» Available data
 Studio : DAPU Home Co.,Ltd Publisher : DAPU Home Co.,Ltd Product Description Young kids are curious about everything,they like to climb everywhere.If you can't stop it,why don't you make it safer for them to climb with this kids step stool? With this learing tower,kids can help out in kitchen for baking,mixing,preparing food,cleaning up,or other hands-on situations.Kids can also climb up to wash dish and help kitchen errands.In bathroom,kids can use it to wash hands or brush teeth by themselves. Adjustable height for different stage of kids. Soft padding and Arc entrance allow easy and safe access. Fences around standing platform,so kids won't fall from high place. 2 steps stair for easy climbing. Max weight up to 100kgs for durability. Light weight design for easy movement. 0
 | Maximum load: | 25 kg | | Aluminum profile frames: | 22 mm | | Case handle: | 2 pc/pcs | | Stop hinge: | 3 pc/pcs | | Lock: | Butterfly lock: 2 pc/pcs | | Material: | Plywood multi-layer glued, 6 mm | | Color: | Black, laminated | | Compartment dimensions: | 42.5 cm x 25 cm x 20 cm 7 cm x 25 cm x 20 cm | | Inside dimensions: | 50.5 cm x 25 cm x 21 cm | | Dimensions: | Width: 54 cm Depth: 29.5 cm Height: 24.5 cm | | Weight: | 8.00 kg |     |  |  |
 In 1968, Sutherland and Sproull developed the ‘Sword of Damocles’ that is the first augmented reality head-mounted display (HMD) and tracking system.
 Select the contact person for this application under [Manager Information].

* * *

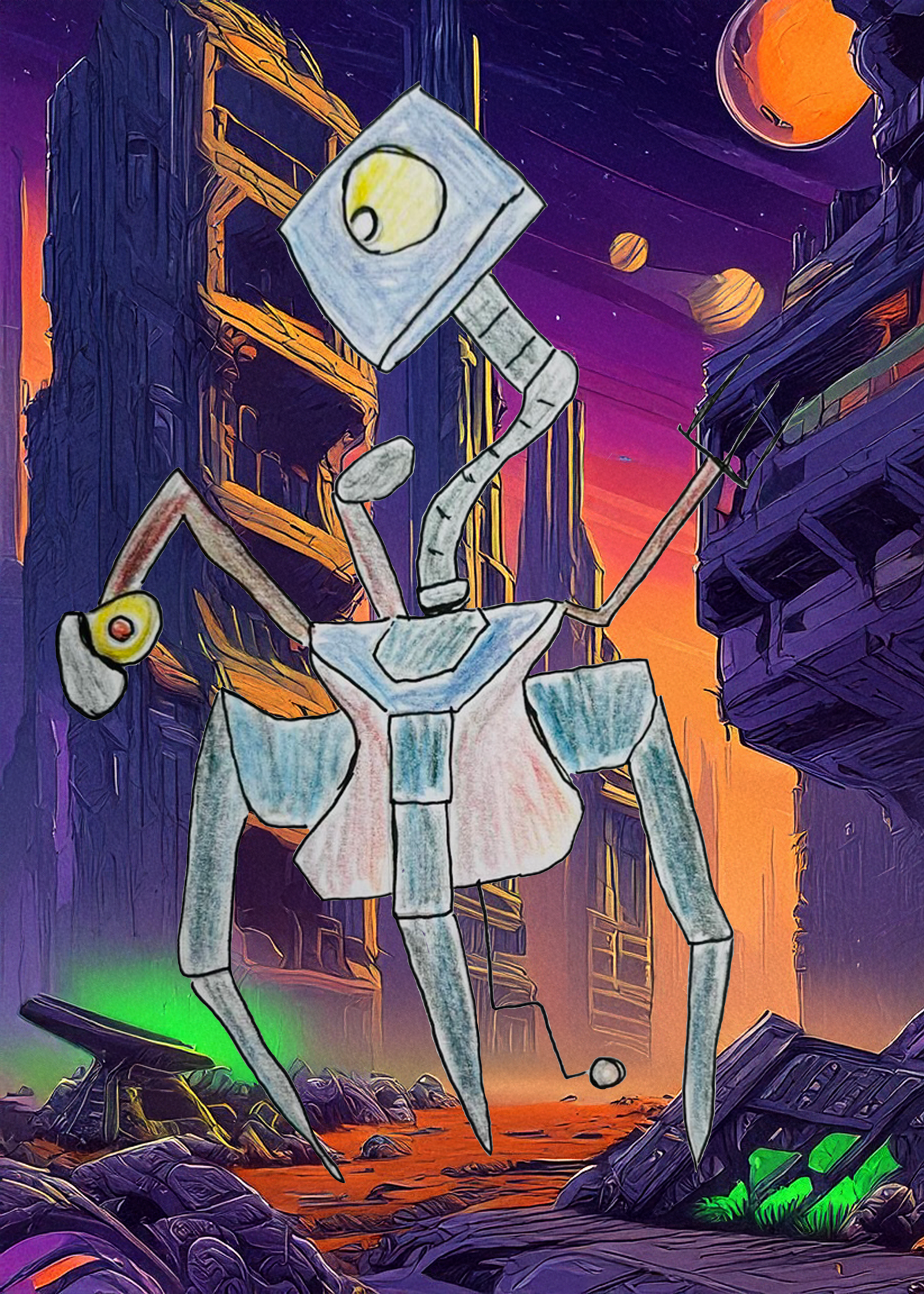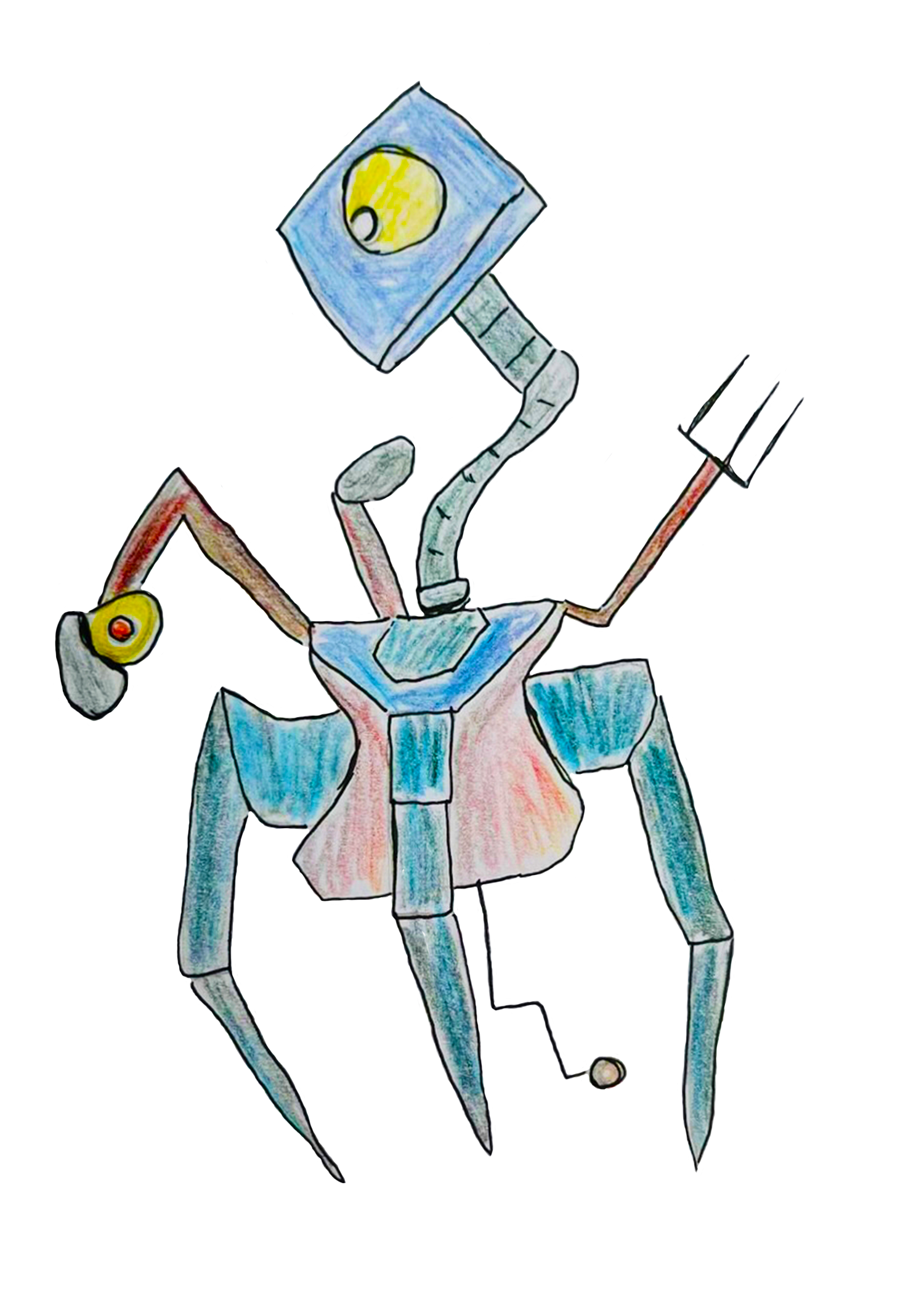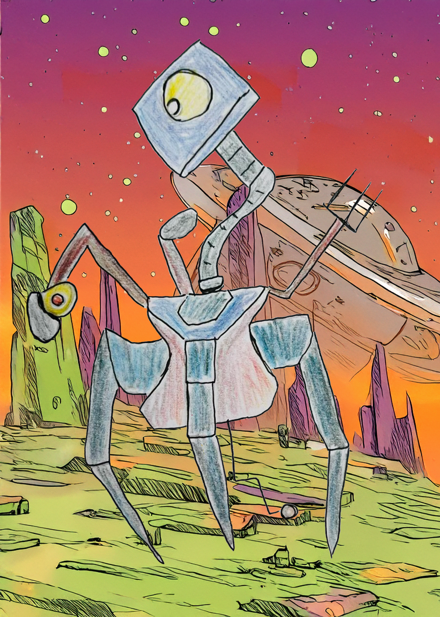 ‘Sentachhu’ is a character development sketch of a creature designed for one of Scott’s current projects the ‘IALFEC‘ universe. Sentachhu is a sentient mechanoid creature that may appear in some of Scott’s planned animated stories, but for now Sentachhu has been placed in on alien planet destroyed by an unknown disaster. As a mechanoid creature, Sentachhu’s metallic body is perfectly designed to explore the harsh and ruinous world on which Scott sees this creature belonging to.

» To do
Whatever else the listing above holds, retype exactly only the lines from the one containing "In 1968, Sutherland" to the one containing "Select the contact", both ends kept.

» Answer section
 In 1968, Sutherland and Sproull developed the ‘Sword of Damocles’ that is the first augmented reality head-mounted display (HMD) and tracking system.
 Select the contact person for this application under [Manager Information].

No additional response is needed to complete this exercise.